This population‐based nested case–control study found an association between PPI use and increased risk of periampullary cancers. Subgroup analysis showed similar trends when focusing on patients without H. pylori eradication therapy. Two sensitivity analyses were performed using: (i) longer washout period to reduce a carryover effect of drugs and (ii) lung cancer as a negative cancer case to rule out unobserved confounding bias additionally confirmed the initial findings. Periampullary cancers are relatively rare compared with the other gastrointestinal cancers; however, over 60% of the patients died within a year, once diagnosed in this cohort. Thus, identifying the potential risk of the cancers is significantly important.

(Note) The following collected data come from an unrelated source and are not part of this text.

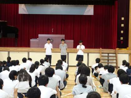 1学期は、運動会や1年生の移動教室をはじめさまざまな行事が続きましたが、それぞれの活動で大きな成果がありました。部活動では夏の大会があり、最後の大会となった3年生もいることと思います。全力を出し切り充実感を得て終えられたでしょうか?まだ、これから大会やコンクールを控えている3年生もいることでしょう。駒沢中学校の代表として、全力を出し切ってきてください。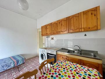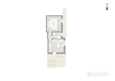 L'appartamento presenta all'ingresso un salotto con angolo cottura e finestra, un disimpegno che conduce al bagno e alla camera da letto con balcone.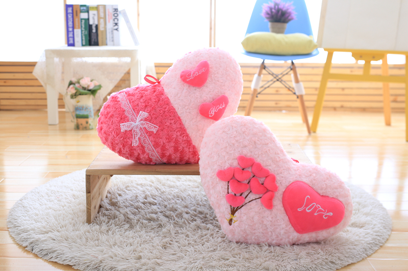 玫瑰花爱心抱枕毛绒玩具公仔心形抱枕靠枕枕头玩偶布娃娃婚庆礼物
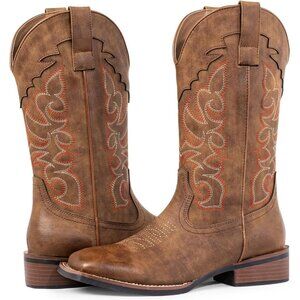 SheSole Womens Dark Brown Cowgirl Square Toe Wide Calf Low Heel Western Boots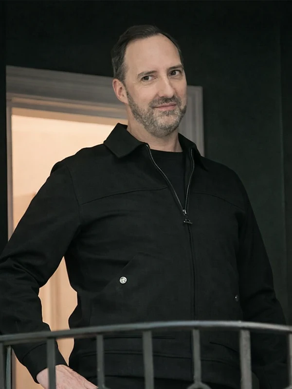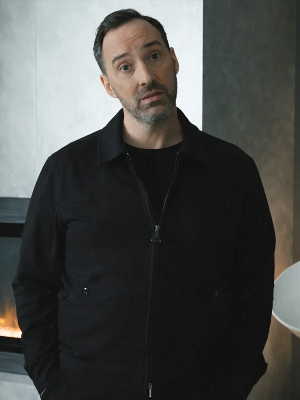 Upgrade your casual wardrobe with this elegant black jacket, inspired by Tony Hale’s character in Elsbeth Season 3. Meticulously crafted from high-quality cotton fabric, it features a classic shirt-style collar and a clean front zipper closure. This versatile piece provides a refined yet relaxed silhouette, perfect for layering in any season.

Long‐term PPI use and carcinoma has remained questionable for years. The first published report involved endochromaffin cell‐derived (ECL cell‐derived) neuroendocrine carcinoma. The authors postulated whether carcinoma was secondary to hypergastrinemia due to PPI use over a 15‐year course.25 As found in this study, long‐term use of PPI was associated with the risk of periampullary cancers. There are two possible mechanisms that contribute or explain our finding. First, pronounced acid suppression has been shown to cause elevated serum gastrin levels in individuals. Prolonged and increased gastrin can stimulate an increase in intermediates known to have trophic effects on normal gastrointestinal mucosa and can stimulate carcinogenesis. Numerous in vitro and in vivo studies have explored trophic effects of gastrin on numerous cancers including pancreatic,26 liver,27 esophageal28 and colon.29 It is therefore conceivable that the trophic effects of gastrin allow sporadic mutations to ultimately proliferate and progress to neoplastic precursors.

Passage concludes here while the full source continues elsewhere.